# Idea for loosening rusted hub assembly



## mark sr (Jun 13, 2017)

Whenever I expect old bolts to give me a hard time I like to douse them with PB Blaster a time or three, a day or two ahead of time. What are you working on?


----------



## Richo (Dec 6, 2007)

It's not the bolts. It's the hub assembly rusted to the steering knuckle - a very common problem


----------



## mark sr (Jun 13, 2017)

Can you take a block of wood and hammer to convince it to start working it's way off?


----------



## Richo (Dec 6, 2007)

Nothing works when it's rusted on there badly. People have tried using a sledge hammer to no avail. There are many videos showing ways of removing it but none of them worked for me


----------



## mark sr (Jun 13, 2017)

I've only replaced a handful of them but don't recall ever having any insurmountable problems.


----------



## 47_47 (Sep 11, 2007)

I use a 1/2" air chisel and beat them off or a slide hammer. Have loosened lug nuts and sharp slow speed turns for stuck on rims. Brake shoes and pads are attached to the knuckles and the rotors and drum to the hub. I would be concerned about possible damage.


----------



## ukrkoz (Dec 31, 2010)

No, driving loosens rusted rotors, not hubs. 






Next one, watch it to the end


----------



## chandler48 (Jun 5, 2017)

2001 Dodge Ram 3500 4wd had to have both burned off. New seals and new hubs were in order after that.


----------



## papereater (Sep 16, 2016)

I was just gonna mention - heat. If all else fails. And even that might not do it if the rust is fused. heat with propane. Then pound it gently (oxymoron??)


----------



## SeniorSitizen (Sep 10, 2012)

papereater said:


> I was just gonna mention - heat. If all else fails. And even that might not do it if the rust is fused. heat with propane. Then pound it gently (oxymoron??)


So many times I've seen heat applied in the wrong area, that is, where the parts are stuck.

The way I was taught, if that on the outer periphery is still cold that on the inner area that's stuck can't expand. And the gentleman that taught that was absolutely correct. I've seen failure many times with heat because the outer diameter wasn't heated allowing that metal to expand ( draw ) that which was stuck while the stuck area was still relatively cold.

Example: a 4ft. diameter bull wheel on a 4" shaft with 0.001" interference fit / inch of diameter. The bull wheel gets 2 acetylene rose buds on the outer circumference for about 30 minutes with an occasional trip with the torches down the spokes but never torch the hub.
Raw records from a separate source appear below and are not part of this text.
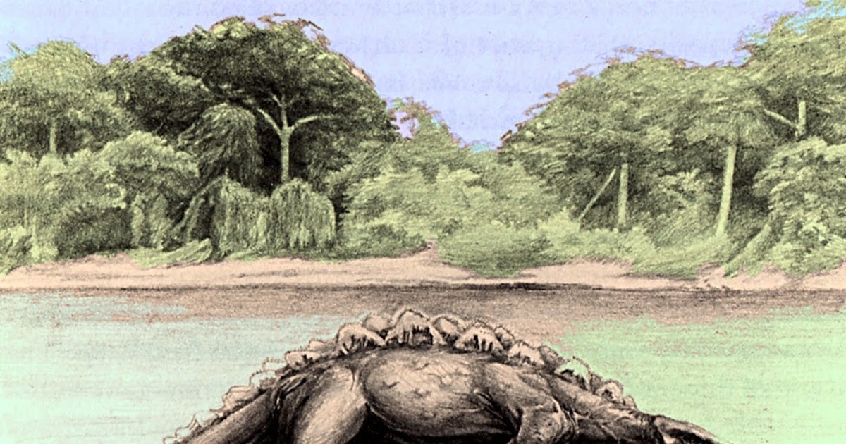 It took place one clear sunny day in November 1971, when Ellis was journeying north in his 30-ft-long motorised canoe on the Motaba River. Suddenly he spied a huge, elongated, snake-like creature with a series of ridges like the edge of a saw running the length of its back. It was moving just across the river from the right bank, only around 100 ft away. Turning off his canoe’s engine, an astonished Ellis watched as the creature, which he could see was at least as long as his canoe, swam slowly across the river to its left bank, onto which it clambered, crawling through the thick grass and then disappearing into the jungle.
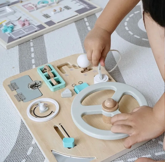 Nunukids Montessori matató fa tábla(kormánnyal, sebességváltóval, kapcsolókkal)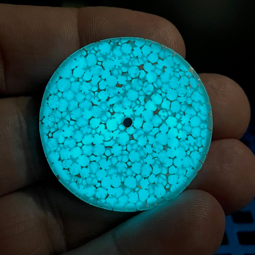 A solid disc of Badgerite lume, topped with resin-filled aerospace-grade aluminium foam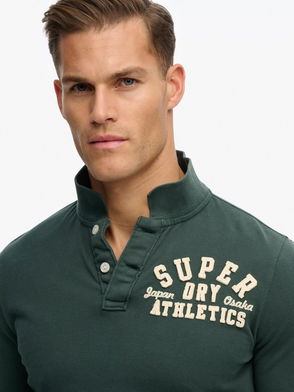 Vintage Athletic Long Sleeve Polo In Eagle Green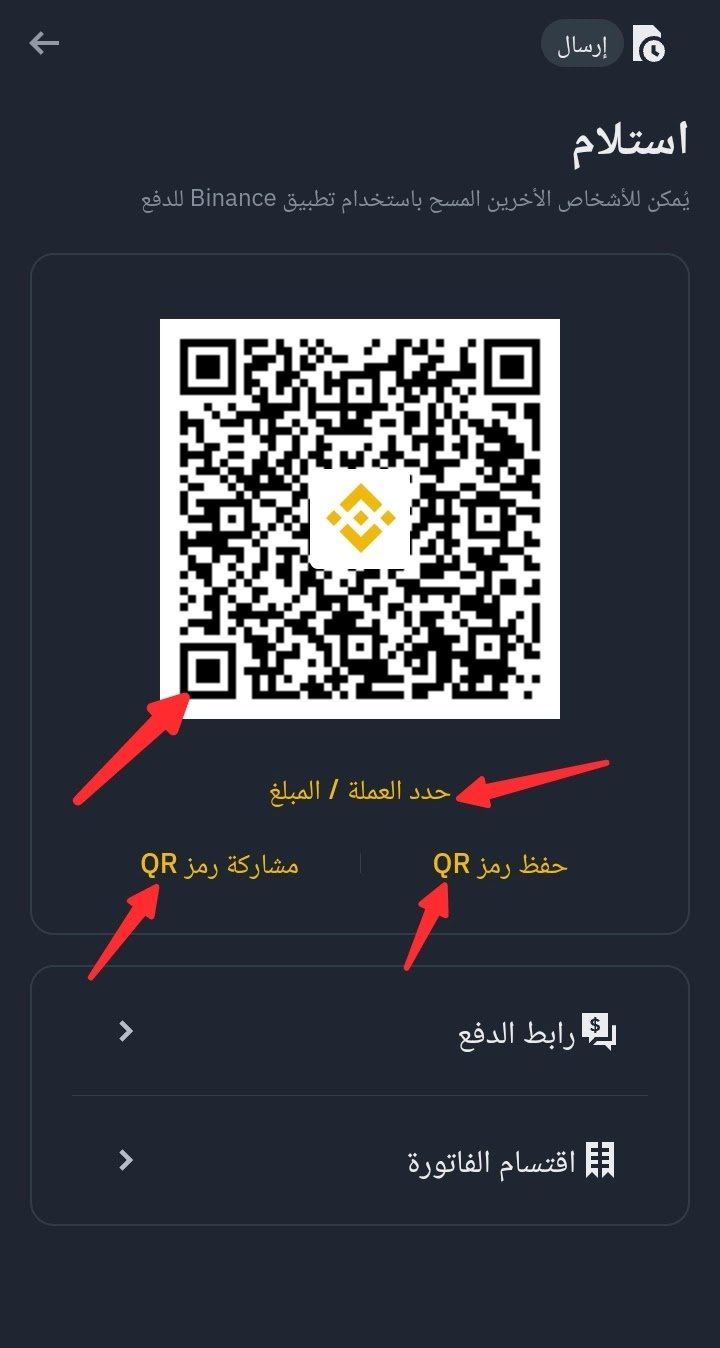 1. عبر رمز QR: اضغط على [استلام] في واجهة بينانس باي لتوليد رمز QR فريد. شارك هذا الرمز مع الدافع، حيث يمكنه مسحه ضوئيًا لإرسال العملات الرقمية إليك.
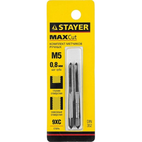 Комплект ручных метчиков STAYER MASTER оптимально подходит для нарезания качественной и чистой резьбы в глухих и сквозных отверстиях в сталях и цветных металлах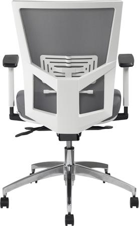 Irodai szék, karfás, hamuszürke szövet, feszített hálós háttámla, fehér váz, alumínium lábkereszt, MAYAH "Radar III"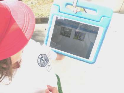 1年生が、秋の生き物を探しています。見つけた生き物を、学習用タブレットで撮影しています。春や夏にはいなかっかた生き物を見つけていました。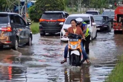 Sat lantas Polres Pelalawan gerak cepat lakukan rekayasa di Ruas Jalan yang Tergenang Banjir

It works.


----------



## Richo (Dec 6, 2007)

I don't have a slide hammer or air chisel, but I have heard that some are so stubborn that even that doesn't do the trick. I applied heat from a standard propane torch where the hub goes into the steering knuckle. Held it there for several minutes but had no luck. 

The hub buster looks like a great idea, but is it even available in stores or online order only? When you are faced with a problem in the middle of a job, such an item is not so convenient to get. I did try the trick with using the steering to push the hub out but my car did not have anything in the right position to press anything against.

Good point about the brake calipers being mounted to the steering knuckle. That's why I don't do this kind of work regularly


----------